* **Problem**:
Starting with the line that holds "Typické pro tento" and stopping after the line that holds "Parts for Whirlpool", repeat the lines below word for word, without the pictures.

* **Source records**:
=== Begin Enclosure ===

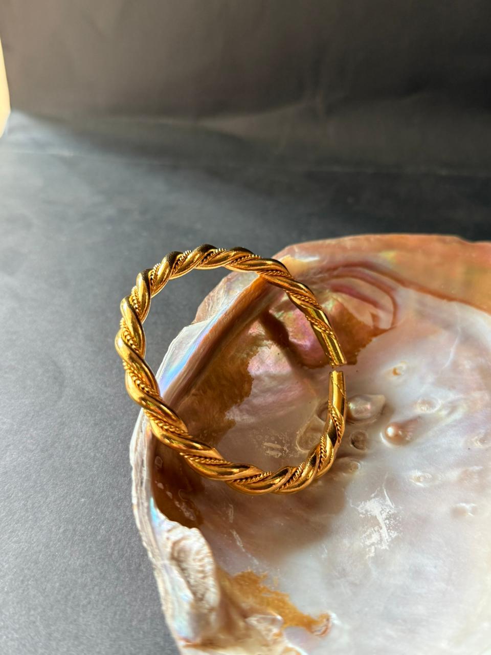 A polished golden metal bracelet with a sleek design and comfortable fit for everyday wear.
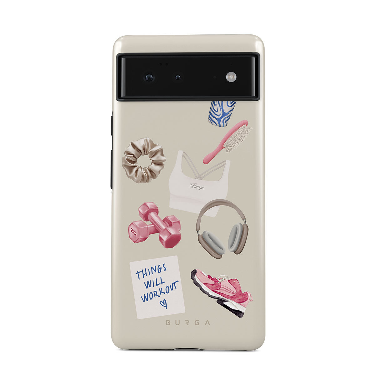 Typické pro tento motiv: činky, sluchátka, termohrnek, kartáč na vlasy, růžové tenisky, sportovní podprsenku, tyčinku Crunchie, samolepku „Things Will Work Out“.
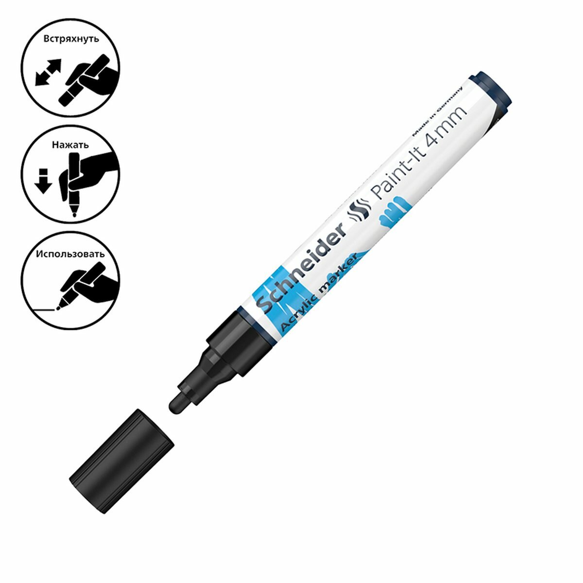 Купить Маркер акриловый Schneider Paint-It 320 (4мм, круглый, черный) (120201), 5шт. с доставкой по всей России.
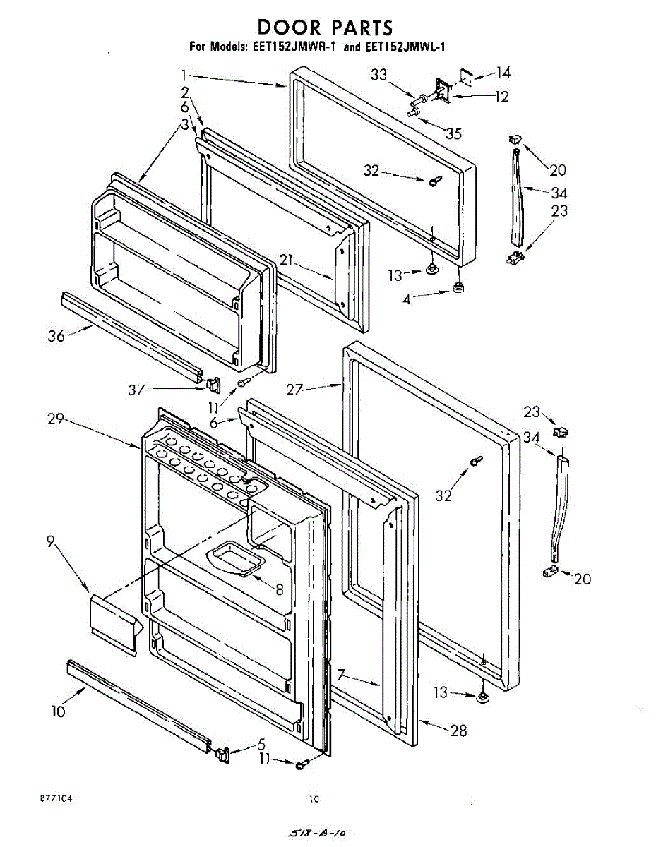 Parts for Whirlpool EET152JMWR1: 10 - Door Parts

=== End Enclosure ===
=== Begin Enclosure ===

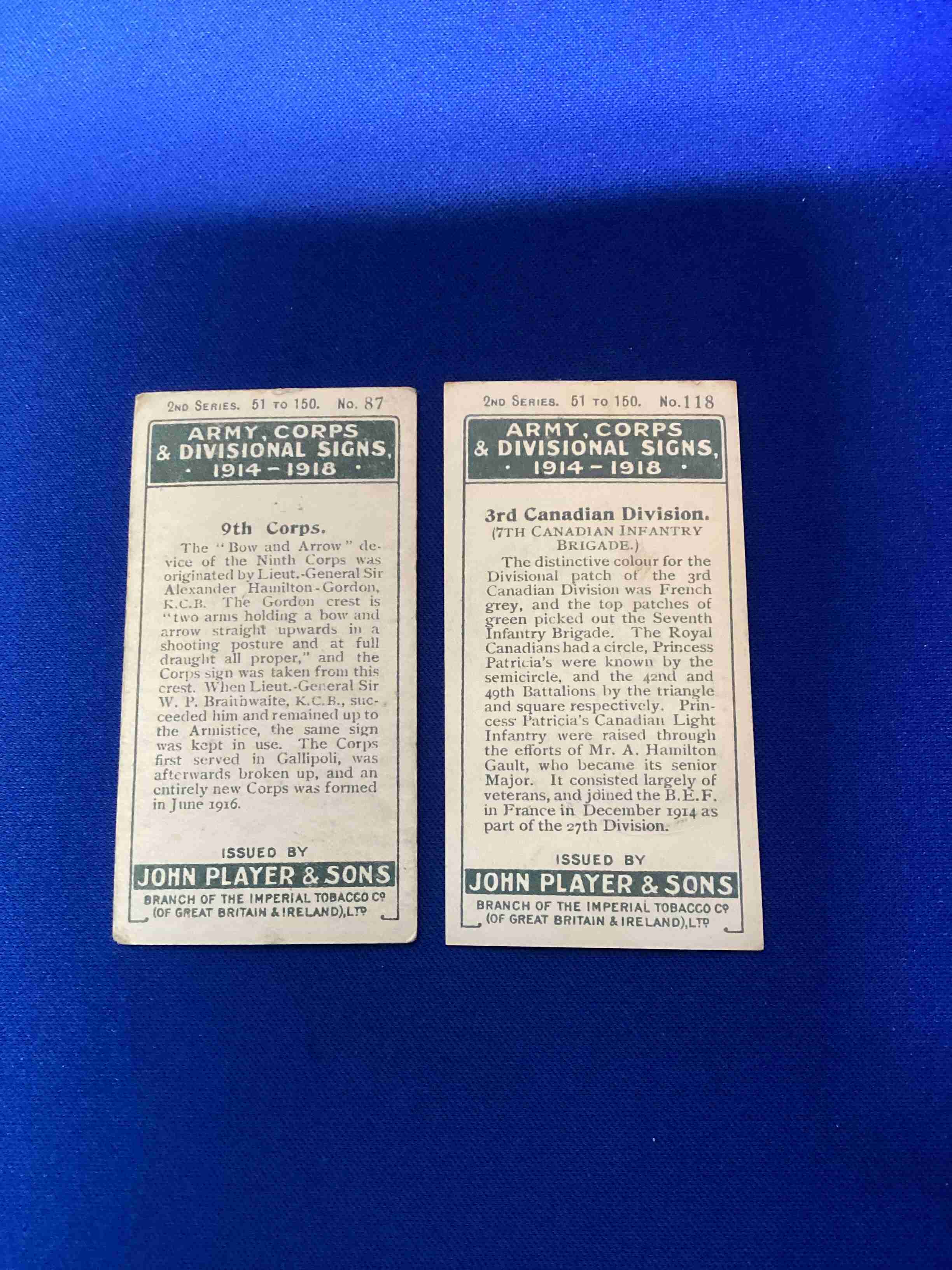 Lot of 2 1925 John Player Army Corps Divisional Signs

=== End Enclosure ===

* **Result for this exercise**:
 Typické pro tento motiv: činky, sluchátka, termohrnek, kartáč na vlasy, růžové tenisky, sportovní podprsenku, tyčinku Crunchie, samolepku „Things Will Work Out“.
 Купить Маркер акриловый Schneider Paint-It 320 (4мм, круглый, черный) (120201), 5шт. с доставкой по всей России.
 Parts for Whirlpool EET152JMWR1: 10 - Door Parts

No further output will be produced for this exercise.